• [Dataset section]
———

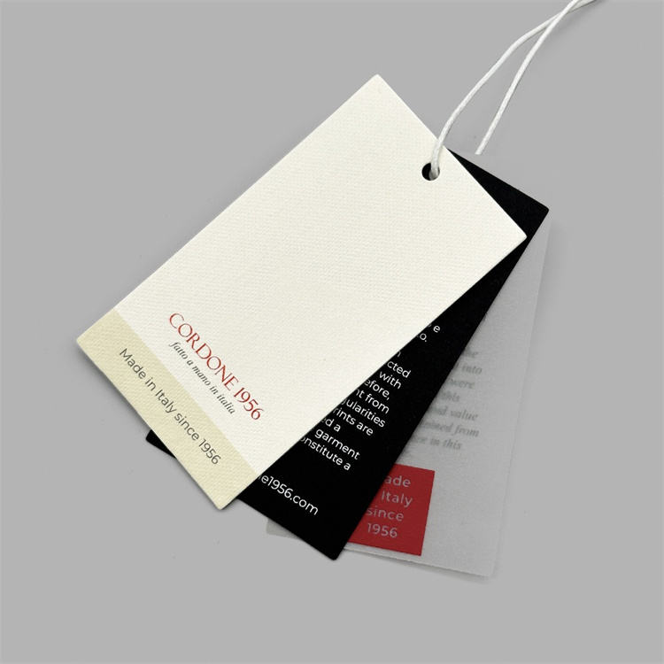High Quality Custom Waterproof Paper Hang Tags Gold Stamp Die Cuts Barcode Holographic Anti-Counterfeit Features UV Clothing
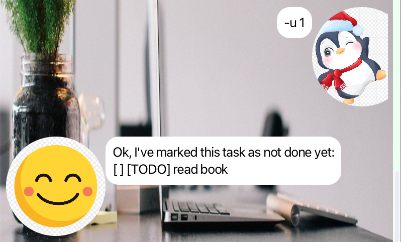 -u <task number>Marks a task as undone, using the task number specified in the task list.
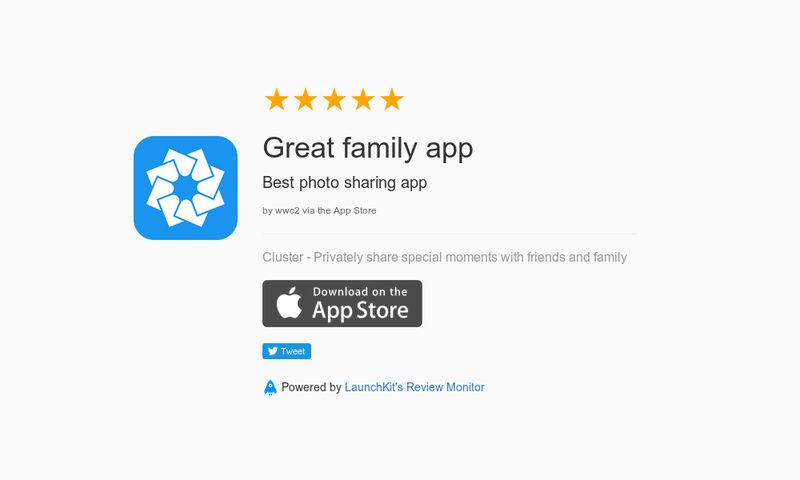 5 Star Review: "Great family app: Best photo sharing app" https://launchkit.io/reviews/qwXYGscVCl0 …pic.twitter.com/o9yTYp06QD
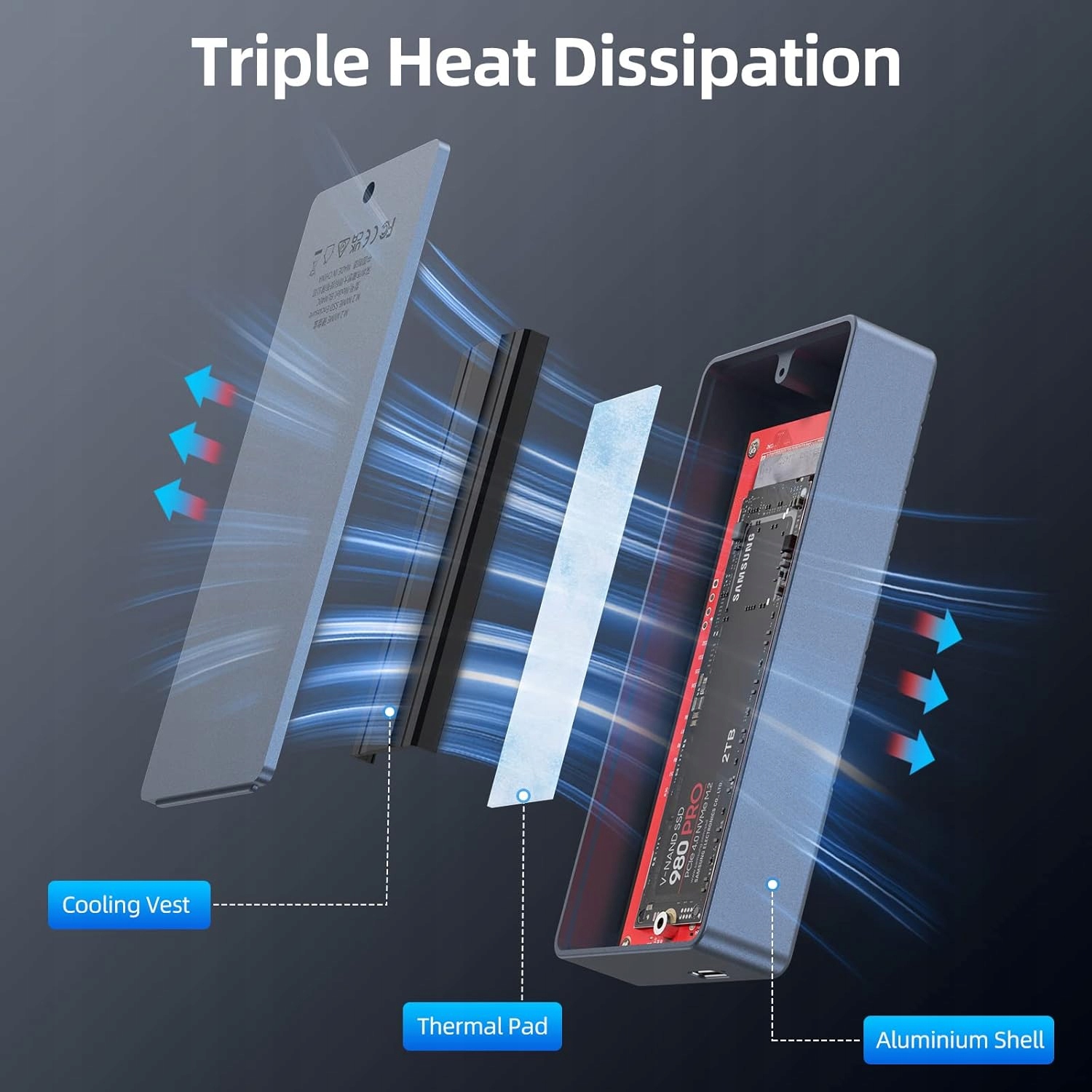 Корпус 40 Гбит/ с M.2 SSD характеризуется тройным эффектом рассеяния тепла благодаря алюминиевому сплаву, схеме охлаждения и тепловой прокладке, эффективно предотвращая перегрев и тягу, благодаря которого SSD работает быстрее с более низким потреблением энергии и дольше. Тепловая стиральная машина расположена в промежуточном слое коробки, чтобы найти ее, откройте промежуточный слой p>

———

• [Goal of the exercise] Leave the pictures out and return the rest of the listing exactly.

• [Response to the task]
High Quality Custom Waterproof Paper Hang Tags Gold Stamp Die Cuts Barcode Holographic Anti-Counterfeit Features UV Clothing
 -u <task number>Marks a task as undone, using the task number specified in the task list.
 5 Star Review: "Great family app: Best photo sharing app" https://launchkit.io/reviews/qwXYGscVCl0 …pic.twitter.com/o9yTYp06QD
 Корпус 40 Гбит/ с M.2 SSD характеризуется тройным эффектом рассеяния тепла благодаря алюминиевому сплаву, схеме охлаждения и тепловой прокладке, эффективно предотвращая перегрев и тягу, благодаря которого SSD работает быстрее с более низким потреблением энергии и дольше. Тепловая стиральная машина расположена в промежуточном слое коробки, чтобы найти ее, откройте промежуточный слой p>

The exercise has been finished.